* [WORK REQUIRED]
A faithful transcription of all the data, images excluded, is the required answer.

═════ DATA BLOCK

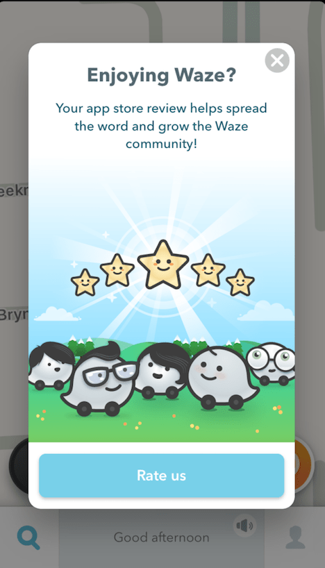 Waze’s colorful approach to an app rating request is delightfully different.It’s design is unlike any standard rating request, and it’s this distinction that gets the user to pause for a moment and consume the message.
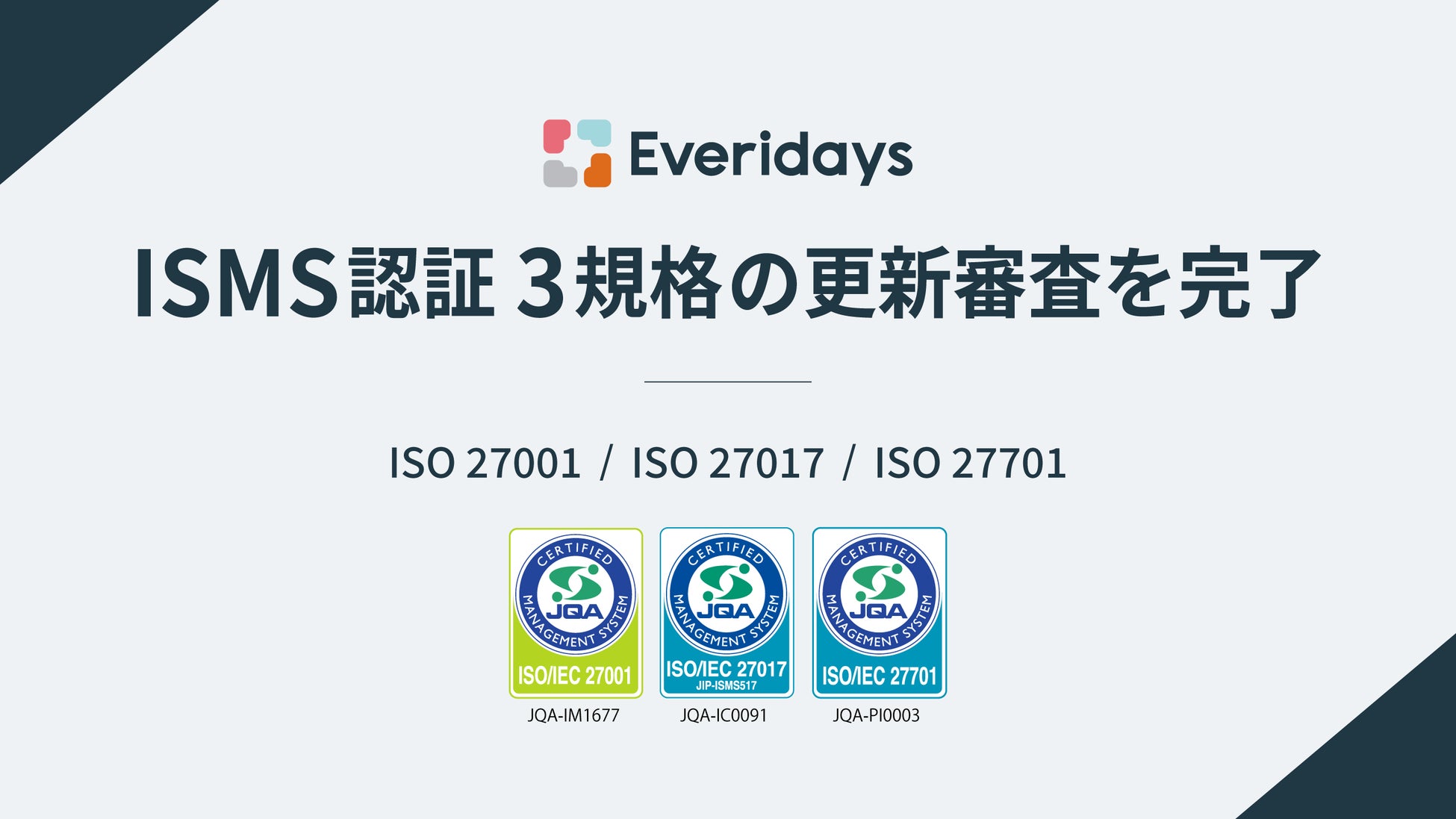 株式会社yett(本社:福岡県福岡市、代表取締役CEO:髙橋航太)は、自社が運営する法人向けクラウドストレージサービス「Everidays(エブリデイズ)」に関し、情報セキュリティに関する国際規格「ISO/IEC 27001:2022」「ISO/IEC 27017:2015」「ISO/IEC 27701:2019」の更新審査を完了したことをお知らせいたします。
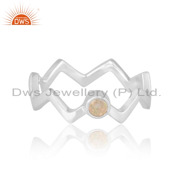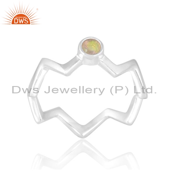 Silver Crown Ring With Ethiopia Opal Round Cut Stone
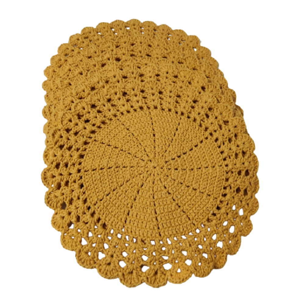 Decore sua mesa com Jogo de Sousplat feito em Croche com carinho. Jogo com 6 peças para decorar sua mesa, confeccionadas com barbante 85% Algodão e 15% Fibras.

══════════

* [SOLUTION BELOW]
 Waze’s colorful approach to an app rating request is delightfully different.It’s design is unlike any standard rating request, and it’s this distinction that gets the user to pause for a moment and consume the message.
 株式会社yett(本社:福岡県福岡市、代表取締役CEO:髙橋航太)は、自社が運営する法人向けクラウドストレージサービス「Everidays(エブリデイズ)」に関し、情報セキュリティに関する国際規格「ISO/IEC 27001:2022」「ISO/IEC 27017:2015」「ISO/IEC 27701:2019」の更新審査を完了したことをお知らせいたします。
 Silver Crown Ring With Ethiopia Opal Round Cut Stone
 Decore sua mesa com Jogo de Sousplat feito em Croche com carinho. Jogo com 6 peças para decorar sua mesa, confeccionadas com barbante 85% Algodão e 15% Fibras.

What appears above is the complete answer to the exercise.